As Brazil floods death toll rises, so does the tide of local volunteers
The Brazil floods death toll shot past 600 on Sunday, but survivors are being helped by a groundswell of local support unusual for a country that sees lethal floods almost every year.
Bruno Domingos/Reuters
Teresópolis, Brazil
The death toll from Brazil’s most lethal floods in memory shot past 600 Sunday, and it's still rising as rescuers continue to dig through mudslides in the aftermath of last week's torrential rains.
But amid the tragedy, the worst affected cities of Teresópolis, Nova Friburgo, and Petrópolis are experiencing a groundswell of spirited local volunteerism unusual for a country that sees lethal floods almost every year.
Swarms of locals wearing makeshift signs reading “volunteer” helped survivors this weekend in one gymnasium-turned-flood-shelter in the hard-hit city of Teresópolis. Among them: law student Paula Fraga and print shop employee George Barrozo da Silva, who were about to leave their unaffected Teresópolis homes for a planned beach vacation this week.
But now they’ve each spent hours each day helping in the gym.
“I woke up to a phone call [Wednesday morning], ‘Look at the television, Teresópolis is coming to an end!,' ” the tattooed and eyebrow-ringed Mr.

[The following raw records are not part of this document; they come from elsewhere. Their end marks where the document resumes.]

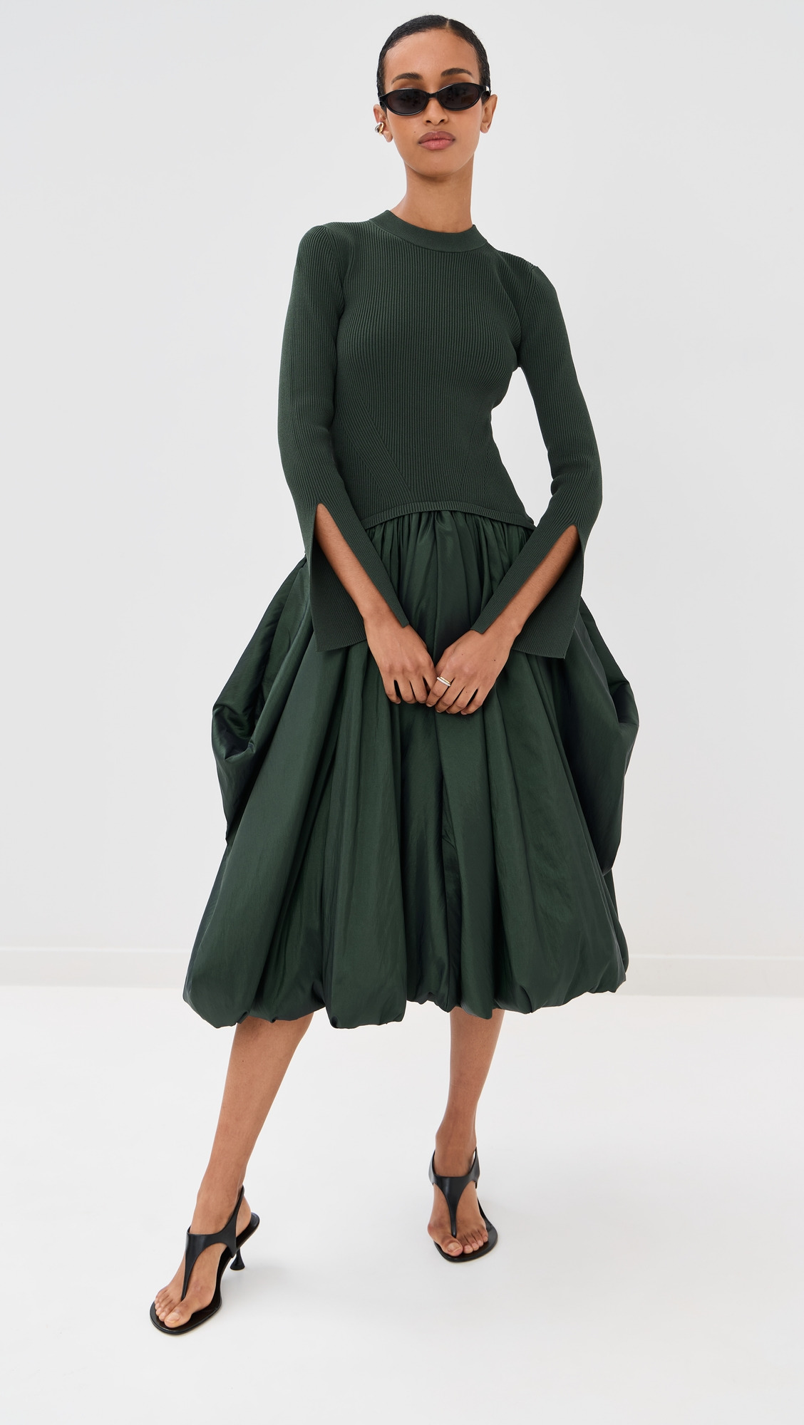 - Fabric: Mid-weight, non-stretch taffeta - Ribbed knit bodice - Bubble hem - Midi length - Mock neck - Long sleeves - Pullover design, no closure - On-seam side pockets - Shell: 83% viscose/17% elastane - Trim: 60% polyester/40% nylon - Partially lined - Lining: 100% nylon - Hand wash or dry clean - Imported, China Style #JONDB31807 Size & Fit Model measurements: Size XS: Mical (5'10") usually wears size XS Measurements from size XS Length: 45.75in / 116.0cm, from shoulder
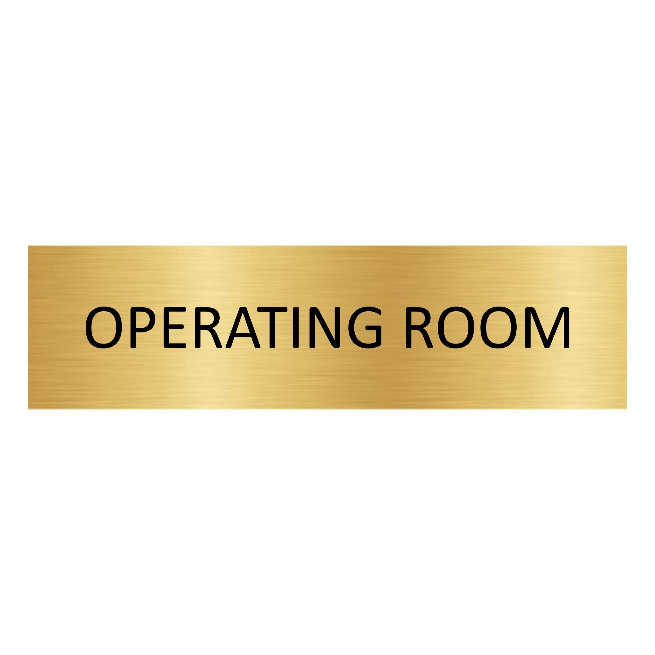 Gold-colored door sign featuring the text 'Operating room', made of high quality aluminum. The sign measures 165 x 45 mm and has double-sided tape for easy mounting. Suitable for indoor and outdoor use. Sold individually. Read more
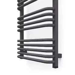 Electric towel radiator with LCD display showing energy consumption. 9 adjustable programmes and a top-mounted thermostat. Uses a dry technology system. Offers flexibility with adjustable fixing rails. IP24 rated.
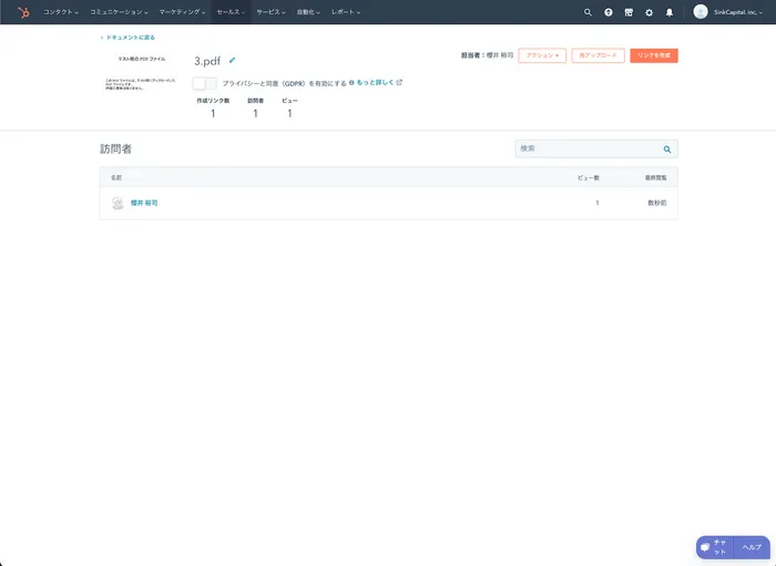 またPDFの閲覧時間がメールで通知として送られてきたり、コンタクト側でもアクションとして確認できたりと、統合的に閲覧ログがHubspot内で閲覧ログが利用されていることがわかります。
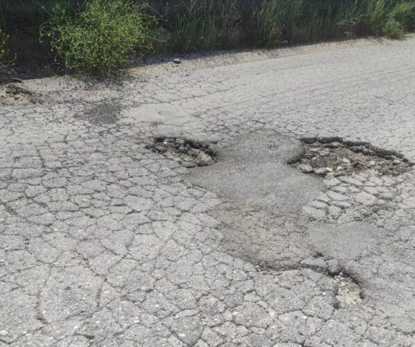Ο δρόμος είναι γεμάτος λακκούβες, που σε πολλές φορές, έχουν βάθος 20 εκ. και πλάτος μισό μέτρο.
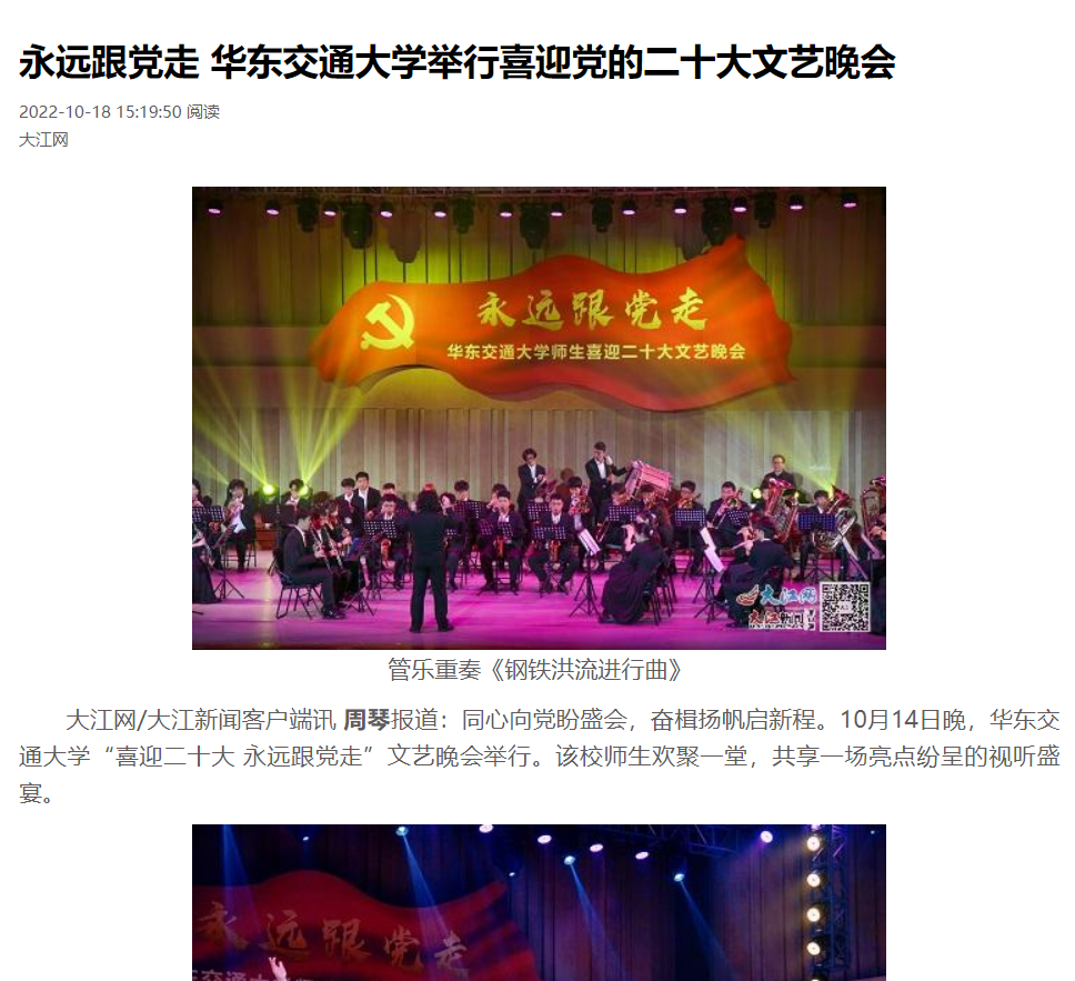同心向党盼盛会,奋楫扬帆启新程。10月14日晚,华东交通大学“喜迎党的二十大 永远跟党走”文艺晚会举行。该校师生欢聚一堂,共享一场亮点纷呈的视听盛宴。
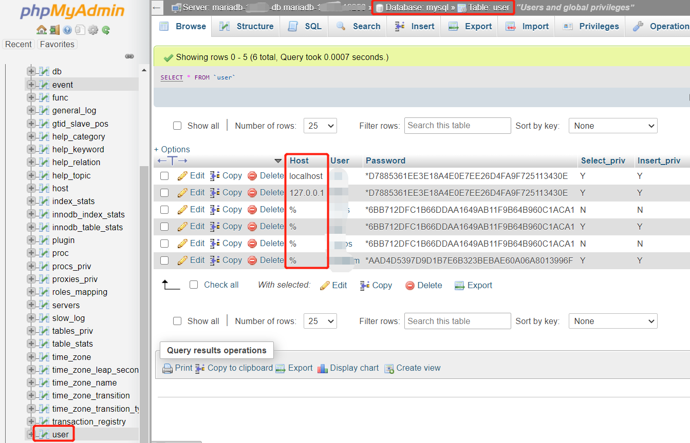 2) If a MariaDB user can log in to MariaDB via phpMyAdmin, please check if the user has remote connection permission in phpMyAdmin. The option ‘ % ’ means all hosts can connect to MariaDB user. While ‘127.0.0.1’ and ‘localhost’ mean the user does not support remote connection.

Barrozo says.
He and Ms. Fraga had no links to service organizations nor volunteer experience in the past, but – like so many others in this tragedy's aftermath – they were moved by the devastation they saw to help in any way they could.
They rushed to the ‘Pedrão’ gymnasium to offer their labor. They spent the day sorting donated clothes and planned to soon donate blood.
“For as long as it’s needed, we’ll keep coming” law student Braga says, adding that she expected to spend her Monday birthday here in the gym.
Behind the couple, a young woman in jeans circled the gym – “Does anyone want juice?” – as two volunteers followed her with trays of potato soup and bananas.
Meanwhile, two hurried women with no connection to any volunteer group took the name of anyone survivor entering the gym and entered the data into spreadsheets to help connect survivors to missing friends and family. The two women explained that as soon as they heard of the flood from their safe homes nearby, they grabbed their laptops and wireless ports and headed off to help.
Many of those volunteering are students, and it helps that they are on their summer vacations, says Herculano Abrahão, who leads the Red Cross unit in the Teresópolis gym ‘Pedrão’ shelter.
He estimated on Thursday that 300 volunteers had already shown up to this shelter and smaller nearby ones, only a handful of whom were from the Red Cross itself.
The volunteer spirit went way beyond one gym in Teresópolis.
The Red Cross in Rio de Janeiro says it has already received 150 tons of non-perishables, hygiene products, mattresses, and blankets.
Three hours after the state Health Ministry opened registration on Friday, some 131 health professionals in Rio de Janeiro registered to volunteer to care for flood victims, local media reported.
The Rio-based daily O Dia highlighted the broad solidarity movement among volunteers arriving in the affected cities and grassroots fundraising efforts, calling the thousands of bloggers and social network users across the country promoting disaster relief as the “largest current ever seen.”